▶ RECORDS:
Start of Block

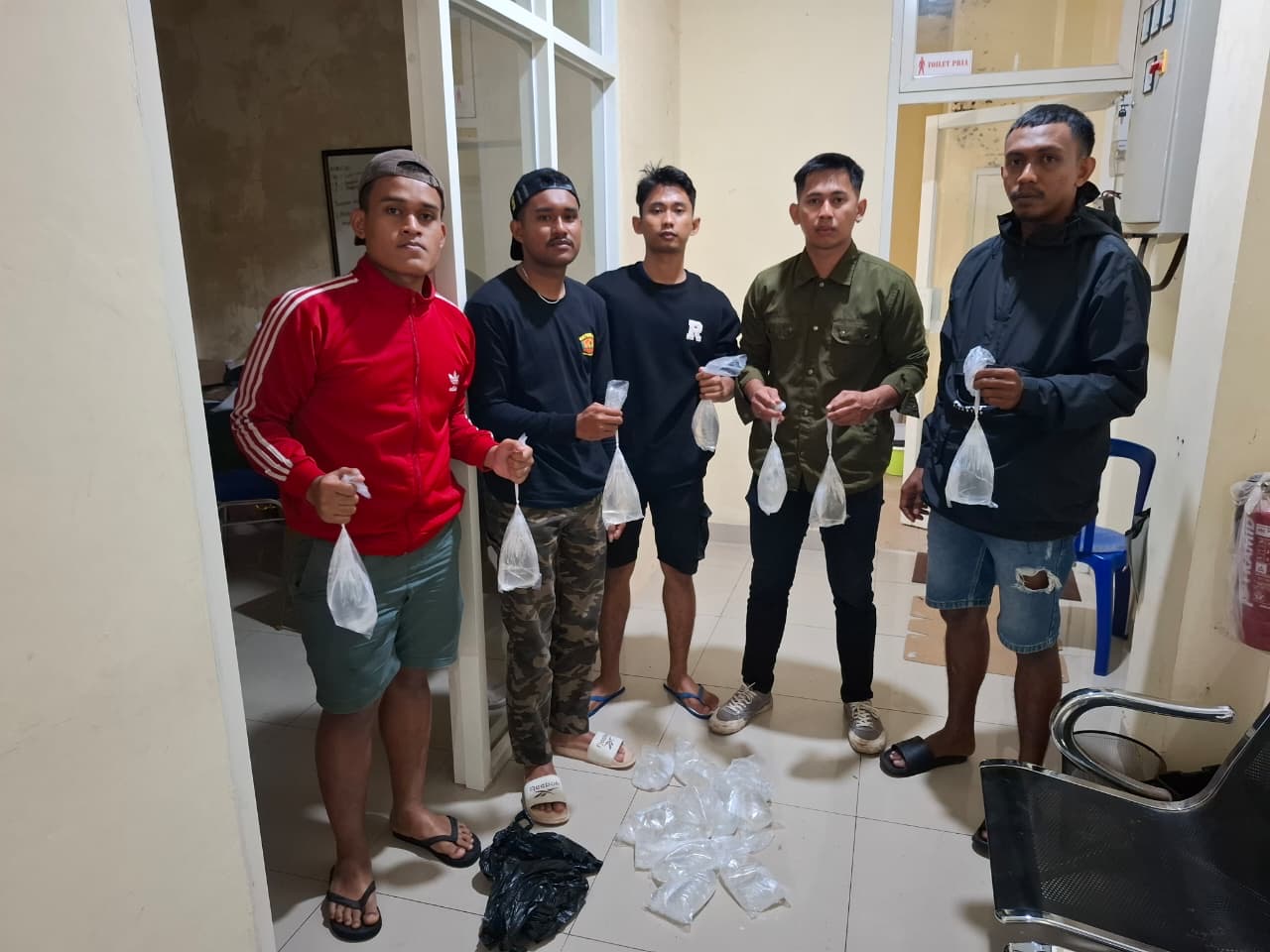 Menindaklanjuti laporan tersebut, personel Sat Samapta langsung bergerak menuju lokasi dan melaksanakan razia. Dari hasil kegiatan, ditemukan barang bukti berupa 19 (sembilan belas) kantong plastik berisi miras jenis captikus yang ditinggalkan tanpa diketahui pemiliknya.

End of Block
Start of Block

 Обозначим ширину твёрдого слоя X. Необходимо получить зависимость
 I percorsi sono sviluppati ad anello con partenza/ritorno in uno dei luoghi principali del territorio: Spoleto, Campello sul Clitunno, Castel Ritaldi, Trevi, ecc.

End of Block

▶ EXERCISE PROMPT:
Copy the lines of the data above exactly as written, beginning with the line containing "Обозначим ширину твёрдого" and ending with the line containing "I percorsi sono", and leave out all other lines.

▶ SOLUTION TO THE PROBLEM:
 Обозначим ширину твёрдого слоя X. Необходимо получить зависимость
 I percorsi sono sviluppati ad anello con partenza/ritorno in uno dei luoghi principali del territorio: Spoleto, Campello sul Clitunno, Castel Ritaldi, Trevi, ecc.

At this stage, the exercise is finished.